Exercise requirements ▸ The data below holds the lines to copy: everything from the line containing "晨光初绽,幼儿园已悄然化身为" to the line containing "심한 경우에는 변에 피가", both ends included, set down exactly.
◇ ◇ ◇ ◇ ◇ ◇ ◇
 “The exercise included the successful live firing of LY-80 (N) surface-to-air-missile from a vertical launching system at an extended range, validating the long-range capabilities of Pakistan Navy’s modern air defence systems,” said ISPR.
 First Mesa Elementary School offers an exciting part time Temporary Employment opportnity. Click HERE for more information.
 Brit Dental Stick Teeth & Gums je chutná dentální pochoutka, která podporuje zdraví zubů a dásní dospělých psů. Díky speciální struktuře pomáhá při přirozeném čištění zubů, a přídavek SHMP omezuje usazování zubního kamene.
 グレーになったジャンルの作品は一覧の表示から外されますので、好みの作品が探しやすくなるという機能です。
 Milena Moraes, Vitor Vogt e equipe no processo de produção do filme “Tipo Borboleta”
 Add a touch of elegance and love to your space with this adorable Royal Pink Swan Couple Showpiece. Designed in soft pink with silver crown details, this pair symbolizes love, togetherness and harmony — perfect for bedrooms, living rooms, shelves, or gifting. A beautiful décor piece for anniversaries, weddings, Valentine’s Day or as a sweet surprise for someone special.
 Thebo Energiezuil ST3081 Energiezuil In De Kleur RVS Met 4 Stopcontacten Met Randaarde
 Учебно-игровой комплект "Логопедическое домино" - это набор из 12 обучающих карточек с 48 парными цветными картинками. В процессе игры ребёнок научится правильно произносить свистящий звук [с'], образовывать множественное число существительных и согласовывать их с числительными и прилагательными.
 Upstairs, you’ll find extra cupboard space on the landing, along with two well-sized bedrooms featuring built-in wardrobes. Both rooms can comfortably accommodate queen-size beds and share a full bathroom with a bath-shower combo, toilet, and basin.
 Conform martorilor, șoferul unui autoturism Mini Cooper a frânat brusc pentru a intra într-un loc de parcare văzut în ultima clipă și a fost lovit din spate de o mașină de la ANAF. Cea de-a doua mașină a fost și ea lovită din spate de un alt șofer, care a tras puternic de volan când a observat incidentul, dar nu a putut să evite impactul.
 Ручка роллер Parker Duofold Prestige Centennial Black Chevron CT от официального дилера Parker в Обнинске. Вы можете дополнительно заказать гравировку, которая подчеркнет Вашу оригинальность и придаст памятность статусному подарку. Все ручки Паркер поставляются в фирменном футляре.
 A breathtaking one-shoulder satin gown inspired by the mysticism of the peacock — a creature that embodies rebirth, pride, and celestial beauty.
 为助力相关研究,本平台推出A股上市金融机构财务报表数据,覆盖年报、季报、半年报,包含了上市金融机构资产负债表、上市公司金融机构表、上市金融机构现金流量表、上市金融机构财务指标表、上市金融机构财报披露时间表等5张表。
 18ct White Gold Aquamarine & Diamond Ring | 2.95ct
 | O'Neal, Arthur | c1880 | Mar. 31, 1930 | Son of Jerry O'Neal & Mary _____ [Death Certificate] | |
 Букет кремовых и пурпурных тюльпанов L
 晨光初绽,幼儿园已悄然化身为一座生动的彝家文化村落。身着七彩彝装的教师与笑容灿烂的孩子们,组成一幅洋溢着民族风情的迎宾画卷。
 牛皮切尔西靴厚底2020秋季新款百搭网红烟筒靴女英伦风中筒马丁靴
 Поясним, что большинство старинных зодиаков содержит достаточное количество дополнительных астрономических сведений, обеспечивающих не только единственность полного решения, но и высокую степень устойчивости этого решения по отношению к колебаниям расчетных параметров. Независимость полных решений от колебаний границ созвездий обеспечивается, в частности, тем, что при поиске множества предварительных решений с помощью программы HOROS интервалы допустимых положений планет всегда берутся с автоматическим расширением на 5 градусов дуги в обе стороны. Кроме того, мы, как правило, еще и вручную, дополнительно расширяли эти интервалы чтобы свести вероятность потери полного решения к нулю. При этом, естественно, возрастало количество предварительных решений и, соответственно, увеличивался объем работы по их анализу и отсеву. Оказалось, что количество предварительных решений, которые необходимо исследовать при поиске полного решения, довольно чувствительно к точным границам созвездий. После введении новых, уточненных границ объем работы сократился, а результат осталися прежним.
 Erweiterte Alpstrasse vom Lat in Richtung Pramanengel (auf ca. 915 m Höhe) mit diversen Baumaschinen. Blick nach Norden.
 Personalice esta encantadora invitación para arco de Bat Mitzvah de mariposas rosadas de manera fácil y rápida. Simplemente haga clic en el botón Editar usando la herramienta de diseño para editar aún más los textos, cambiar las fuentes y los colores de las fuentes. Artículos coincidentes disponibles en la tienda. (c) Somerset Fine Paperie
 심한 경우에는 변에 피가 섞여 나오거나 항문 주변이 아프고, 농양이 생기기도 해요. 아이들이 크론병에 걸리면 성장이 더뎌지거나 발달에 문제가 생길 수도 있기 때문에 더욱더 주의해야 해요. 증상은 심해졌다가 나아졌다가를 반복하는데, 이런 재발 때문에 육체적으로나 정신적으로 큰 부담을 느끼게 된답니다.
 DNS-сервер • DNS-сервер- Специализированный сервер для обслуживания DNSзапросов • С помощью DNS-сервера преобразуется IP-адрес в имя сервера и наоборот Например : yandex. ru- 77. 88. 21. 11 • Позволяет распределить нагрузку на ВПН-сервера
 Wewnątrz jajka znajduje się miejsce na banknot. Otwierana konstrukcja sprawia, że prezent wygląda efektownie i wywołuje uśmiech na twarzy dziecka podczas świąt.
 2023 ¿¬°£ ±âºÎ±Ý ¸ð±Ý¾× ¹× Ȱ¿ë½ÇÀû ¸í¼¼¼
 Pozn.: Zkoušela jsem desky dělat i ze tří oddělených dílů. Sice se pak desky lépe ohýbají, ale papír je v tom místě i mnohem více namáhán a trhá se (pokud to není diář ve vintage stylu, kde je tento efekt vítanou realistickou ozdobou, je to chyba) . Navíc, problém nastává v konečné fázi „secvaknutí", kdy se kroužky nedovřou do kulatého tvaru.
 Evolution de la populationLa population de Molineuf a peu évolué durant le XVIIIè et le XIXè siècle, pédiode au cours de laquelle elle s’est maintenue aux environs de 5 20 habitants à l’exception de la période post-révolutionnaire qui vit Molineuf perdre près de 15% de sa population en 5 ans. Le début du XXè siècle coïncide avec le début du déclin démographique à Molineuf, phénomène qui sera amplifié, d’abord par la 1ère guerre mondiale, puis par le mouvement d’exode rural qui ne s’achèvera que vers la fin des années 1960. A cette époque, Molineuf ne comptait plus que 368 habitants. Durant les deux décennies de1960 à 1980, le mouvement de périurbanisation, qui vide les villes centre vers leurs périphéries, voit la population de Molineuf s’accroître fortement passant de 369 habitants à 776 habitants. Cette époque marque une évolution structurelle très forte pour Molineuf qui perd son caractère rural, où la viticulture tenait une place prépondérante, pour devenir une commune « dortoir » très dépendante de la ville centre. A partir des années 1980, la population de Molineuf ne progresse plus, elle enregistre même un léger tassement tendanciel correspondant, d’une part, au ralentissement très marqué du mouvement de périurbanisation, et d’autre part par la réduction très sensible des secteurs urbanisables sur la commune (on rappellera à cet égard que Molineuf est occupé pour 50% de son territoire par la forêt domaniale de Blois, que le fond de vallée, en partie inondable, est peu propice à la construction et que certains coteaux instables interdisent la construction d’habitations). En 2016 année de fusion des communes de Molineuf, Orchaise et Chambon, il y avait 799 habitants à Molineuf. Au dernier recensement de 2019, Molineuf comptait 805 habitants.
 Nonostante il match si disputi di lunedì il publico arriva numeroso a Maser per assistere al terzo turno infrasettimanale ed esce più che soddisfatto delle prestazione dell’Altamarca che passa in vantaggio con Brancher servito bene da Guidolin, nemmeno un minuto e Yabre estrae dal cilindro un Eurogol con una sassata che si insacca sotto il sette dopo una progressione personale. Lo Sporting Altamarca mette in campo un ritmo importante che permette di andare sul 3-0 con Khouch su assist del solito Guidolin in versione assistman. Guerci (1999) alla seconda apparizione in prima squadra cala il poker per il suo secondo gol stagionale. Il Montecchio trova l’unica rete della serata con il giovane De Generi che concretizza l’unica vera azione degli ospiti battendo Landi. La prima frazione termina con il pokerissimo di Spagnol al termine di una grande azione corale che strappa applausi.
◇ ◇ ◇ ◇ ◇ ◇ ◇
Task result ▸
 晨光初绽,幼儿园已悄然化身为一座生动的彝家文化村落。身着七彩彝装的教师与笑容灿烂的孩子们,组成一幅洋溢着民族风情的迎宾画卷。
 牛皮切尔西靴厚底2020秋季新款百搭网红烟筒靴女英伦风中筒马丁靴
 Поясним, что большинство старинных зодиаков содержит достаточное количество дополнительных астрономических сведений, обеспечивающих не только единственность полного решения, но и высокую степень устойчивости этого решения по отношению к колебаниям расчетных параметров. Независимость полных решений от колебаний границ созвездий обеспечивается, в частности, тем, что при поиске множества предварительных решений с помощью программы HOROS интервалы допустимых положений планет всегда берутся с автоматическим расширением на 5 градусов дуги в обе стороны. Кроме того, мы, как правило, еще и вручную, дополнительно расширяли эти интервалы чтобы свести вероятность потери полного решения к нулю. При этом, естественно, возрастало количество предварительных решений и, соответственно, увеличивался объем работы по их анализу и отсеву. Оказалось, что количество предварительных решений, которые необходимо исследовать при поиске полного решения, довольно чувствительно к точным границам созвездий. После введении новых, уточненных границ объем работы сократился, а результат осталися прежним.
 Erweiterte Alpstrasse vom Lat in Richtung Pramanengel (auf ca. 915 m Höhe) mit diversen Baumaschinen. Blick nach Norden.
 Personalice esta encantadora invitación para arco de Bat Mitzvah de mariposas rosadas de manera fácil y rápida. Simplemente haga clic en el botón Editar usando la herramienta de diseño para editar aún más los textos, cambiar las fuentes y los colores de las fuentes. Artículos coincidentes disponibles en la tienda. (c) Somerset Fine Paperie
 심한 경우에는 변에 피가 섞여 나오거나 항문 주변이 아프고, 농양이 생기기도 해요. 아이들이 크론병에 걸리면 성장이 더뎌지거나 발달에 문제가 생길 수도 있기 때문에 더욱더 주의해야 해요. 증상은 심해졌다가 나아졌다가를 반복하는데, 이런 재발 때문에 육체적으로나 정신적으로 큰 부담을 느끼게 된답니다.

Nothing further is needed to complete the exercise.